Camp stirred restlessly and awoke from a night filled with uneasy dreams. No solution of the preceding day's insane events had occurred to him while he slept, or if one had, he failed to recall it. Philosophically he turned on the stove and prepared for breakfast. He decided, after running an exploratory hand over his chin, to skip that day's shaving, and began to tumble through the cruiser's supplies, bringing to light a sealed tin of bacon. He opened it with the aid of a screwdriver, being unable to locate a can-opener, and carefully inhaled the aroma of the meat. He hadn't come several million kilometers to die of simple food poisoning.

A frying pan was placed on the stove, and the bacon arranged in careful rows on the hot surface. He smiled almost happily as the cabin became filled with the crisp breakfast smell, and set coffee to boil. He had found that given a good morning meal, a man could tackle almost anything with a fair hope of success.

His breakfast was set out soon, and he hungrily munched the crisp strips of bacon. Through a cabin port he could see Isle Royale and the town of Johns in the distance. He had cruised about a kilometer or so out before turning in, searching for any sign of whatever had taken Lois, recklessly exposing himself in the hope of drawing the thing from concealment. The past evening seemed like an unpleasant dream, until—

A shadow darkened his plate, and he looked up.

"You," he stated coldly, "are about the most irregular creature I've ever met."

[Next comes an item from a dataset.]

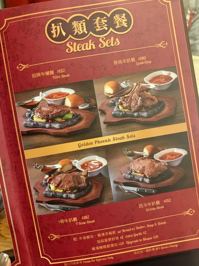 各式各樣嘅扒都有,好多選擇,套餐包括牛油餐包、餐湯、餐飲等

"Nuts!" Marvin lipped, and scuttled to the protection of the leg of his master's coverall.

Lois smiled brightly, and sat down opposite the staring Camp. "Most men are irritable before breakfast," she said. "Finish your bacon, and maybe then you'll be in a better mood."

Camp obediently speared a chunk of bacon, looked distastefully at it, and put it down again.

"How did you get here?" he demanded. "And what the hell, if you'll pardon my language, happened to you last night?"